▸ WHAT YOU SHOULD DO
Make an exact copy of all the records, one that contains none of the pictures.

▸ DATA PROVIDED
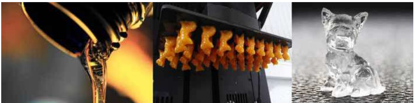
Abbildung 1: Prozessbild vom Druckharz zum Glasbauteil: Das Glassomer Harz kann in Standard 3D-Druckern (SLA, DLP) verarbeitet werden. Durch die UV Härtung entsteht ein sog. Grünling. Dieser wird im Ofen mittels Entbinderung und Sintern zu reinem Quarzglas umgesetzt.

Die Glassomer Technologie basiert auf einem neuartigen Harz, das einen hohen Anteil an Glaspartikeln enthält. Zur Herstellung des Harzes wird ein hochreines Glaspulver in einen flüssigen Binder eingebracht. Die so entstehenden sogenannten Glassomer Materialien können anschließend in einem Kunststoff 3D-Drucker verarbeitet werden, wo sie durch Bestrahlung mit Licht ausgehärtet werden. Der so entstandene Grünkörper wird anschließend im Ofen bei 1.300 °C mittels Entbinderung und Sintern in ein hochreines Quarzglas umgesetzt. Hierbei schwinden die Bauteile üblicherweise um 24 %. Da der Schwund jedoch in alle Raumrichtungen gleich ist lässt er sich bei der Planung einfach und präzise kalkulieren und vorhalten, sodass formtreue Bauteile entstehen. Der Prozess vom flüssigen Material zum fertigen Glasbauteil ist exemplarisch in Abbildung 1 dargestellt.
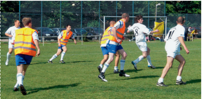
Strahlender Sonnenschein beim Turnier Glorious sunshine for the tournament
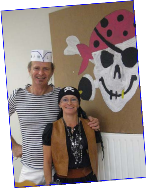
Les équipes de cuisine et service ont largué les amarres, pour le plus grand plaisir des enfants
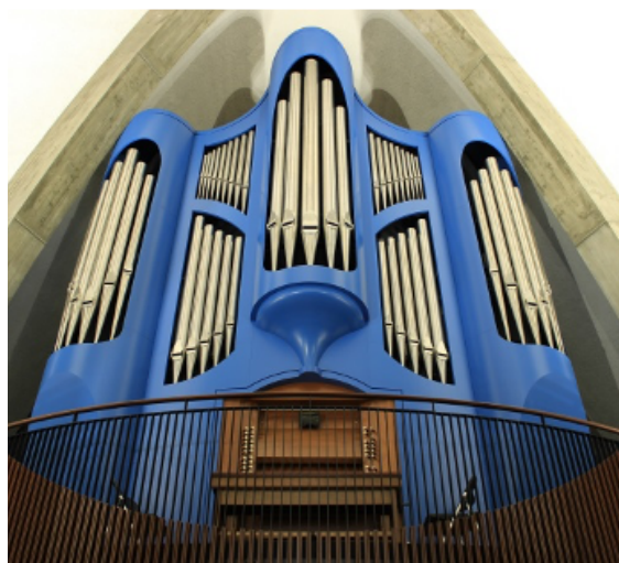
フィスクオルガン Op. 141 （2段鍵盤、ペダル付き、29ストップ）

▸ YOUR RESPONSE
Abbildung 1: Prozessbild vom Druckharz zum Glasbauteil: Das Glassomer Harz kann in Standard 3D-Druckern (SLA, DLP) verarbeitet werden. Durch die UV Härtung entsteht ein sog. Grünling. Dieser wird im Ofen mittels Entbinderung und Sintern zu reinem Quarzglas umgesetzt.

Die Glassomer Technologie basiert auf einem neuartigen Harz, das einen hohen Anteil an Glaspartikeln enthält. Zur Herstellung des Harzes wird ein hochreines Glaspulver in einen flüssigen Binder eingebracht. Die so entstehenden sogenannten Glassomer Materialien können anschließend in einem Kunststoff 3D-Drucker verarbeitet werden, wo sie durch Bestrahlung mit Licht ausgehärtet werden. Der so entstandene Grünkörper wird anschließend im Ofen bei 1.300 °C mittels Entbinderung und Sintern in ein hochreines Quarzglas umgesetzt. Hierbei schwinden die Bauteile üblicherweise um 24 %. Da der Schwund jedoch in alle Raumrichtungen gleich ist lässt er sich bei der Planung einfach und präzise kalkulieren und vorhalten, sodass formtreue Bauteile entstehen. Der Prozess vom flüssigen Material zum fertigen Glasbauteil ist exemplarisch in Abbildung 1 dargestellt.
Strahlender Sonnenschein beim Turnier Glorious sunshine for the tournament
Les équipes de cuisine et service ont largué les amarres, pour le plus grand plaisir des enfants
フィスクオルガン Op. 141 （2段鍵盤、ペダル付き、29ストップ）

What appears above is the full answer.